Problem to work on: Skip the pictures. Transcribe the rest of the data below without changing a word.

Material provided:
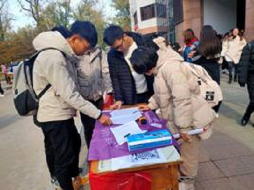 宣传活动前,相关负责人定制宣传横幅,印制宣传单页,王肖肖向宣传人员详细介绍老员工创业管理论坛活动的相关内容。宣传过程中,采用挂横幅和发放单页的方式进行宣传,宣传人员为前来咨询的同学们详细讲解活动时间、活动地点及赛事流程、比赛规则、参赛方式等相关事项,宣传现场气氛热烈。通过宣传人员的详细介绍,有利于同学们对老员工创业管理论坛活动有更深程度的了解,宣传人员还引导同学们加入QQ在线交流群来进一步了解活动,更有不少同学直接扫描二维码报名参赛。
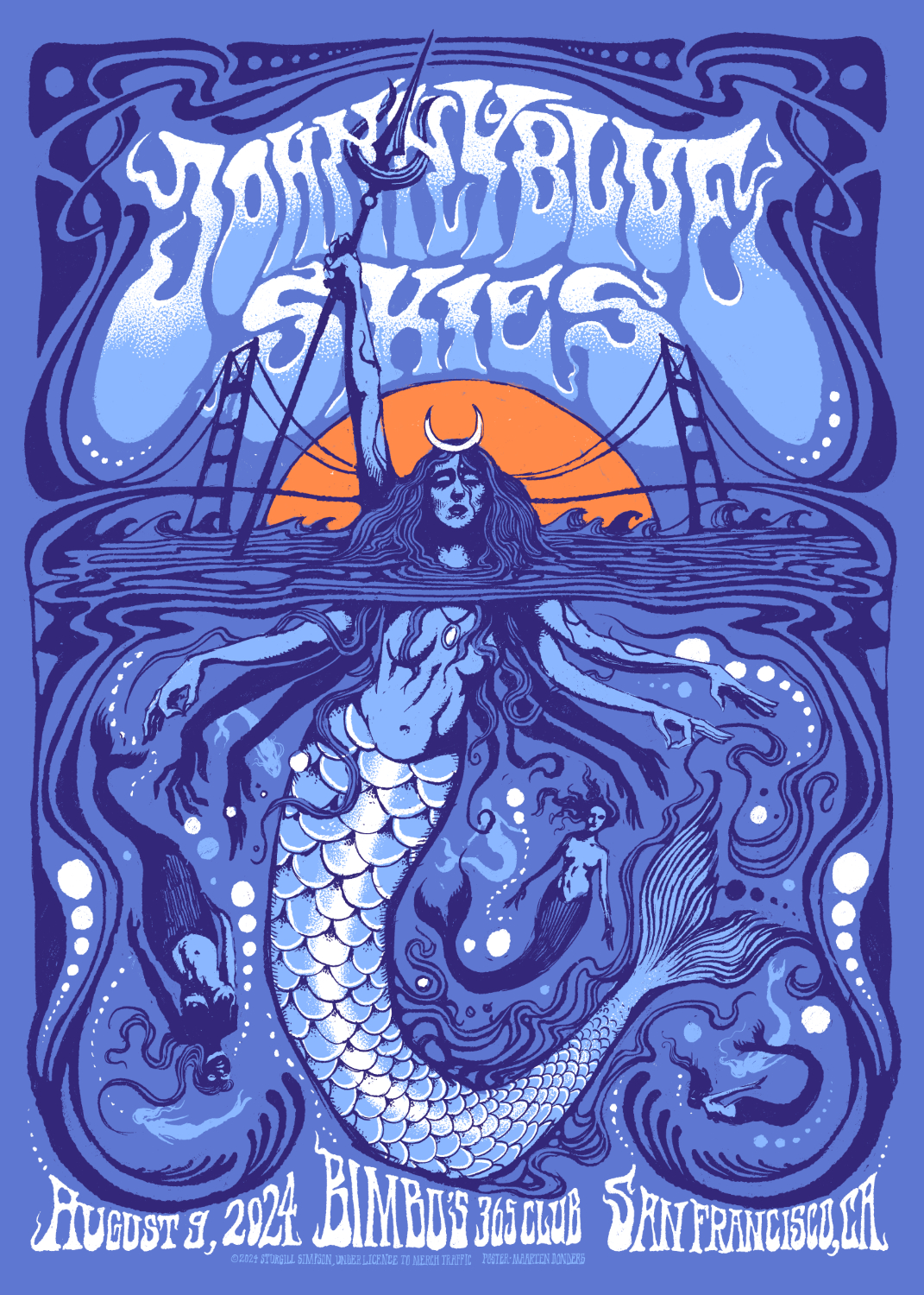 Poster created For Johnny Blue Skies a.k.a. Sturgill Simpson’s show at Bimbo’s 365 Club, August 9 in San Francisco
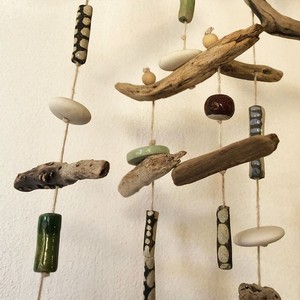 Realizzeremo una campana a vento utilizzando elementi naturali come rametti, bastoni di bambù, cerchi di legno o qualsiasi altro oggetto resistente. Aggiungiamo conchiglie, baccelli, ghiande e sassolini forati, legandoli con del filo.
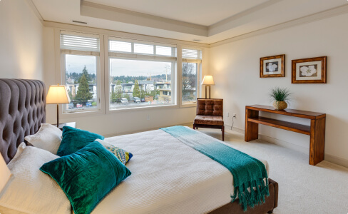 Luxe with private balcony for 2-4 persons, 54 m², oversized bathroom with deep soaker tub, separate walk-in shower and double sink vanity, separate toilet, spacious walk-in closet, bedroom and divided living area with comfortable sleeper sofa bed
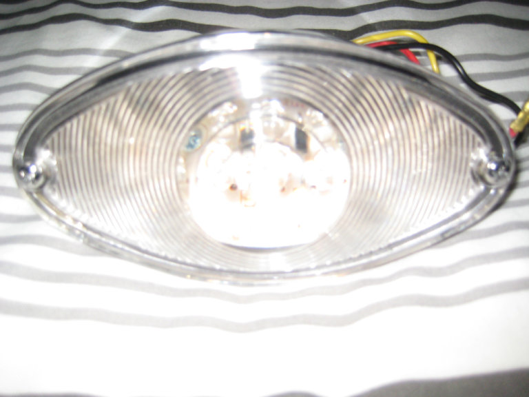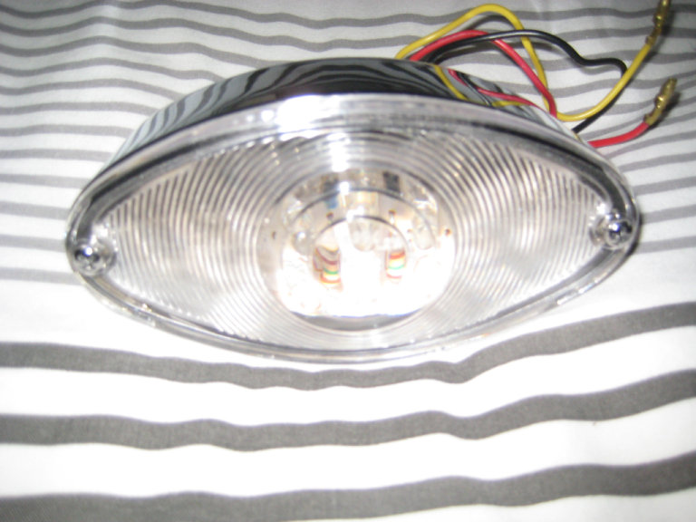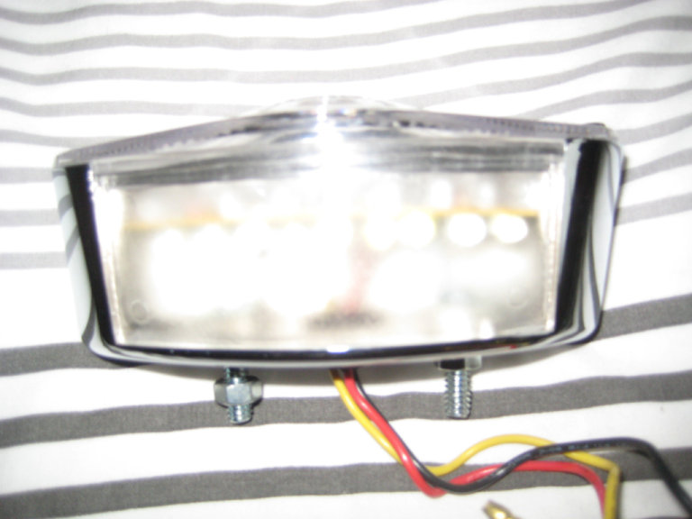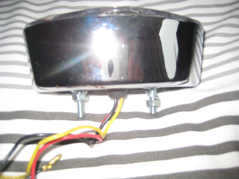 Cats Eye Shape Rear or Front Light, Brand New., 12volt, 12.5 inches long, 2.5 top to bottom. LED bulbs, Brand New, never fitted, with black, yellow and red wires bullet connectors and fixing bolts with nuts. 2 inches between the fixing bolts. This is not the usual cheap plastic rubbish, the chrome is actually on a metal surrounding. Look great on a bobber, chopper, custom or anything really. Can collect from RG27 area or im happy to post at your cost
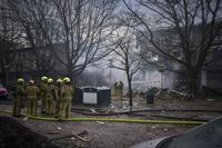 Firefighters stand by a building destruction at the site of an explosion which destroyed several apartments and injured multiple people, at The Hague, Saturday, Dec. 7, 2024. (AP Photo/Phil Nijhuis)
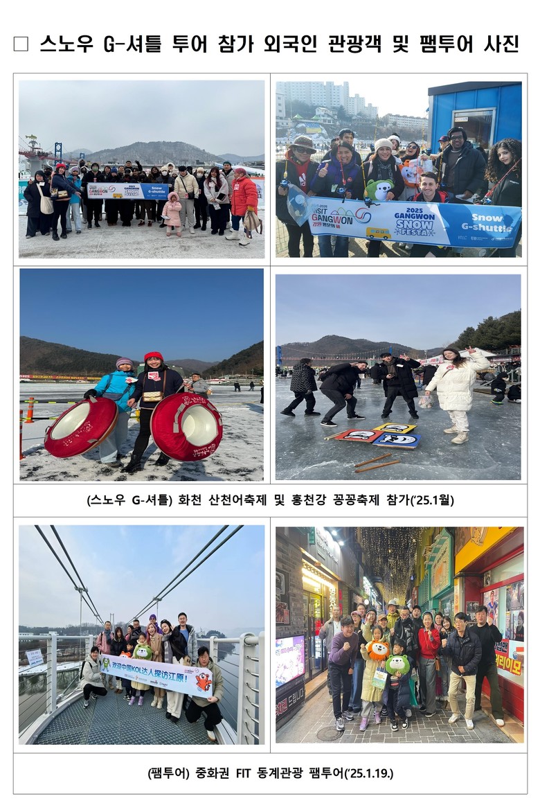 도는 ‘2018 평창 동계올림픽’과 ‘2024 강원 동계청소년올림픽대회’를 성공적으로 개최하며 대한민국 동계관광의 메카(Mecca)로 자리 잡았다. 이번에는 도내 겨울축제(6개 시군, 7개 축제)와 스키리조트(6개 시군, 8개 시설)를 연계한 관광상품과 한류 드라마 촬영지 및 전통시장을 연계해, 외국인 관광객 2,000여 명 유치를 목표로, 강원형 동계 특화 관광상품 ‘스노우 G(Ganwon)-셔틀버스’를 운영한다.
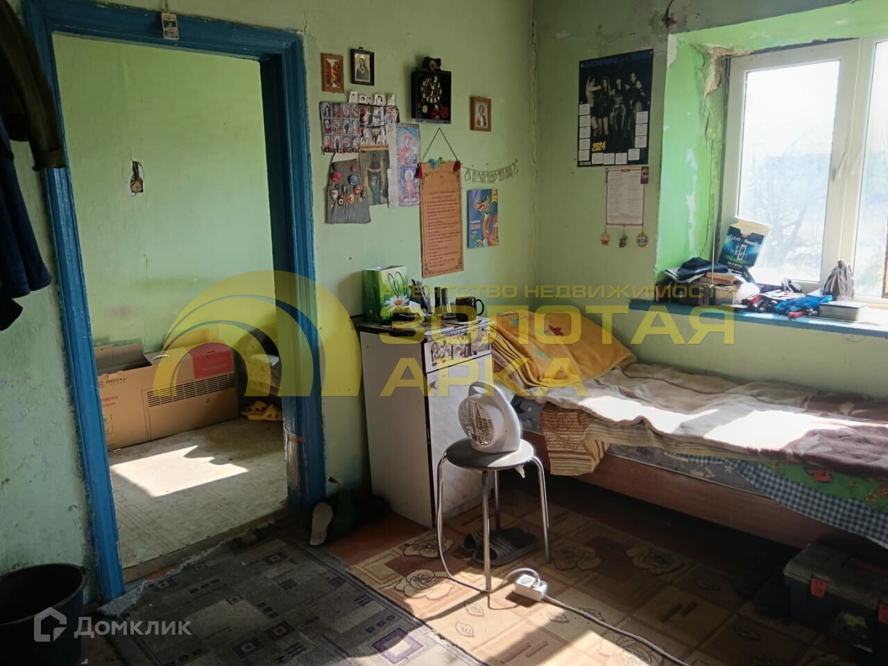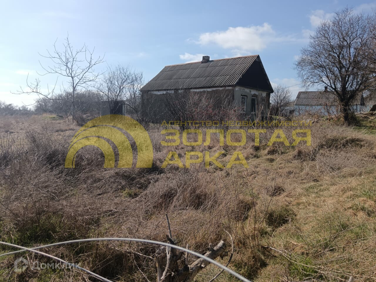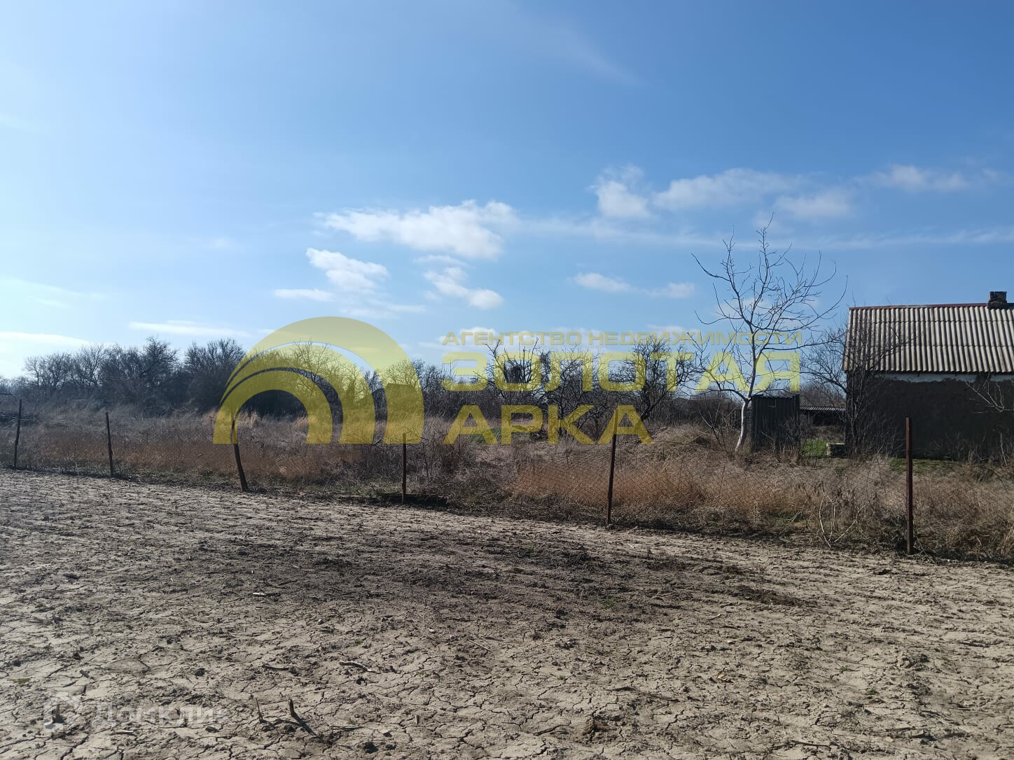 Стоит саманный дом для временного проживания.
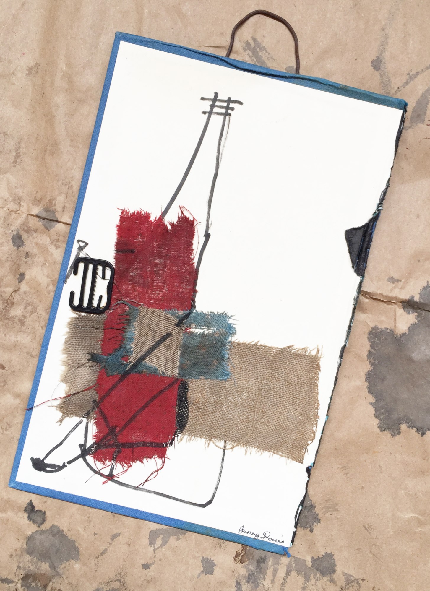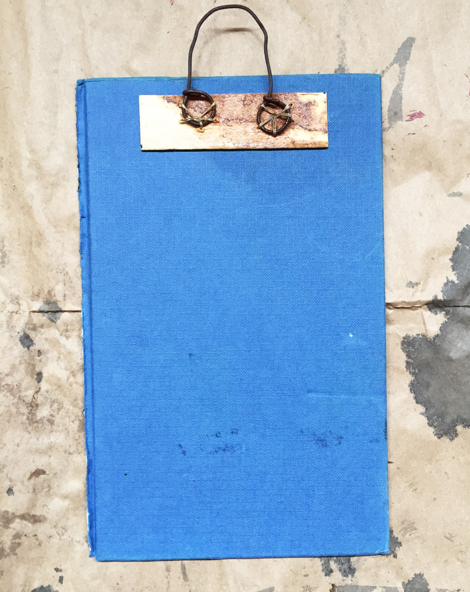 MED. Antique textiles 1800's, textile pen, vintage buckle, rusted wire hanger on vintage book cover. All sealed for protection.
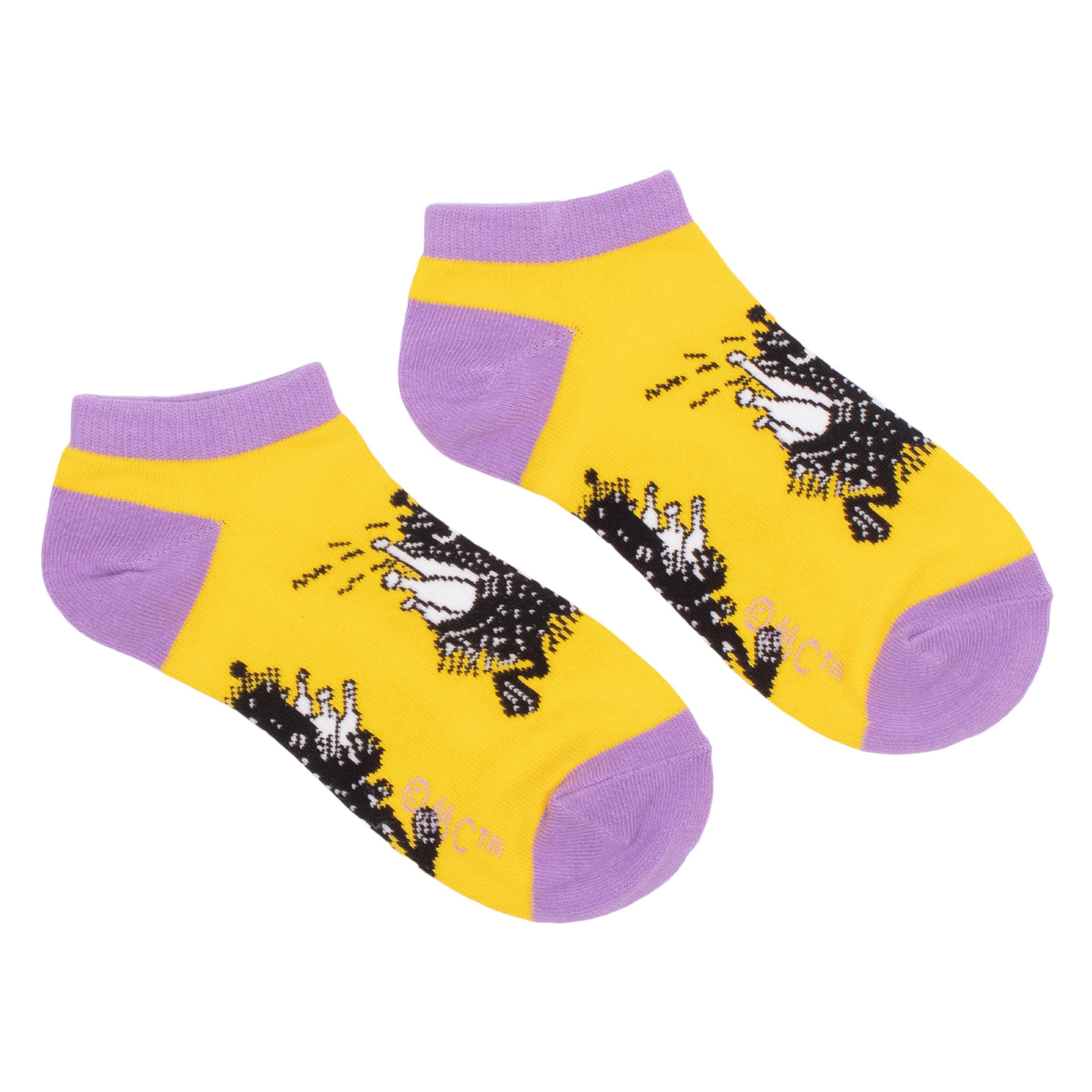Gule sokker med motiv av Stinky. Sokkene har lilla detaljer på tuppen, hælen, og toppen av sokken. De er laget av et mykt materiale, og er både behagelige å ha på seg og et morsomt tillegg til enhver Moomin-fans garderobe. Et offisielt produkt fra Nordic Buddies – ideelle for alle som elsker Moomin-universet.
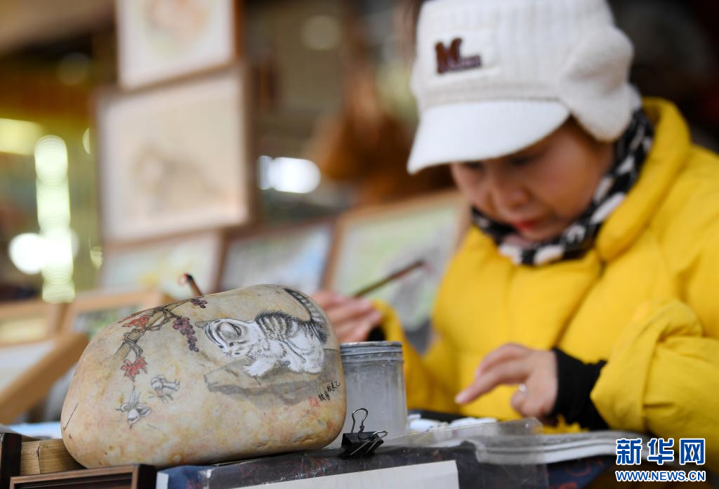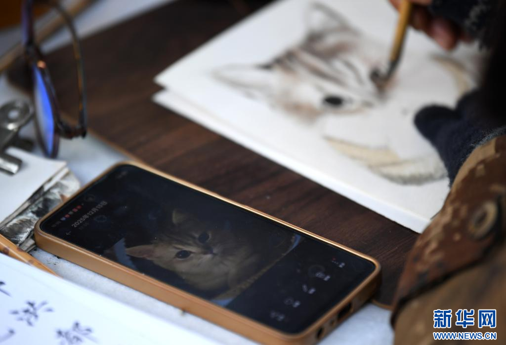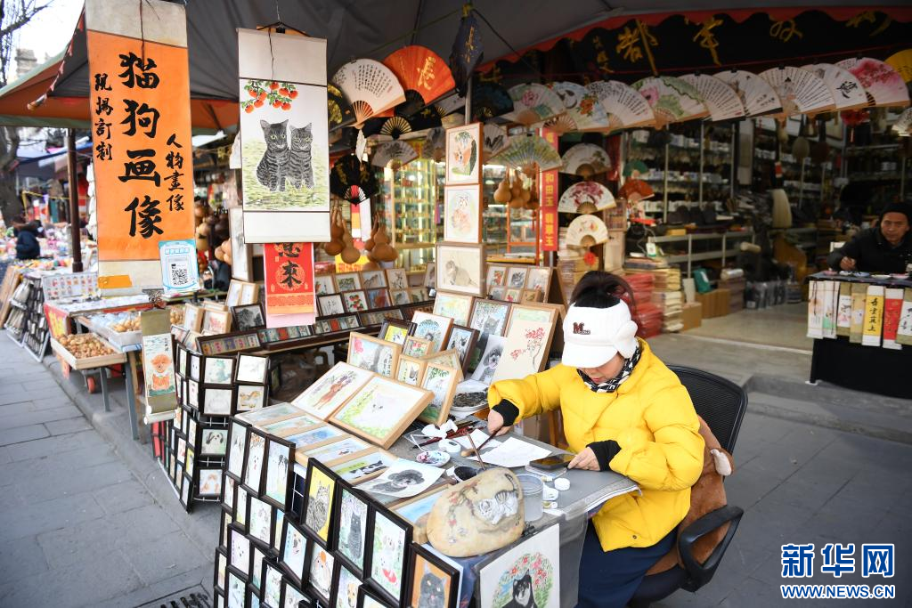 1月9日,在西安书院门历史文化街区,画师根据顾客提供的照片绘制宠物猫画像。

Written answer:
 宣传活动前,相关负责人定制宣传横幅,印制宣传单页,王肖肖向宣传人员详细介绍老员工创业管理论坛活动的相关内容。宣传过程中,采用挂横幅和发放单页的方式进行宣传,宣传人员为前来咨询的同学们详细讲解活动时间、活动地点及赛事流程、比赛规则、参赛方式等相关事项,宣传现场气氛热烈。通过宣传人员的详细介绍,有利于同学们对老员工创业管理论坛活动有更深程度的了解,宣传人员还引导同学们加入QQ在线交流群来进一步了解活动,更有不少同学直接扫描二维码报名参赛。
 Poster created For Johnny Blue Skies a.k.a. Sturgill Simpson’s show at Bimbo’s 365 Club, August 9 in San Francisco
 Realizzeremo una campana a vento utilizzando elementi naturali come rametti, bastoni di bambù, cerchi di legno o qualsiasi altro oggetto resistente. Aggiungiamo conchiglie, baccelli, ghiande e sassolini forati, legandoli con del filo.
 Luxe with private balcony for 2-4 persons, 54 m², oversized bathroom with deep soaker tub, separate walk-in shower and double sink vanity, separate toilet, spacious walk-in closet, bedroom and divided living area with comfortable sleeper sofa bed
 Cats Eye Shape Rear or Front Light, Brand New., 12volt, 12.5 inches long, 2.5 top to bottom. LED bulbs, Brand New, never fitted, with black, yellow and red wires bullet connectors and fixing bolts with nuts. 2 inches between the fixing bolts. This is not the usual cheap plastic rubbish, the chrome is actually on a metal surrounding. Look great on a bobber, chopper, custom or anything really. Can collect from RG27 area or im happy to post at your cost
 Firefighters stand by a building destruction at the site of an explosion which destroyed several apartments and injured multiple people, at The Hague, Saturday, Dec. 7, 2024. (AP Photo/Phil Nijhuis)
 도는 ‘2018 평창 동계올림픽’과 ‘2024 강원 동계청소년올림픽대회’를 성공적으로 개최하며 대한민국 동계관광의 메카(Mecca)로 자리 잡았다. 이번에는 도내 겨울축제(6개 시군, 7개 축제)와 스키리조트(6개 시군, 8개 시설)를 연계한 관광상품과 한류 드라마 촬영지 및 전통시장을 연계해, 외국인 관광객 2,000여 명 유치를 목표로, 강원형 동계 특화 관광상품 ‘스노우 G(Ganwon)-셔틀버스’를 운영한다.
 Стоит саманный дом для временного проживания.
 MED. Antique textiles 1800's, textile pen, vintage buckle, rusted wire hanger on vintage book cover. All sealed for protection.
Gule sokker med motiv av Stinky. Sokkene har lilla detaljer på tuppen, hælen, og toppen av sokken. De er laget av et mykt materiale, og er både behagelige å ha på seg og et morsomt tillegg til enhver Moomin-fans garderobe. Et offisielt produkt fra Nordic Buddies – ideelle for alle som elsker Moomin-universet.
 1月9日,在西安书院门历史文化街区,画师根据顾客提供的照片绘制宠物猫画像。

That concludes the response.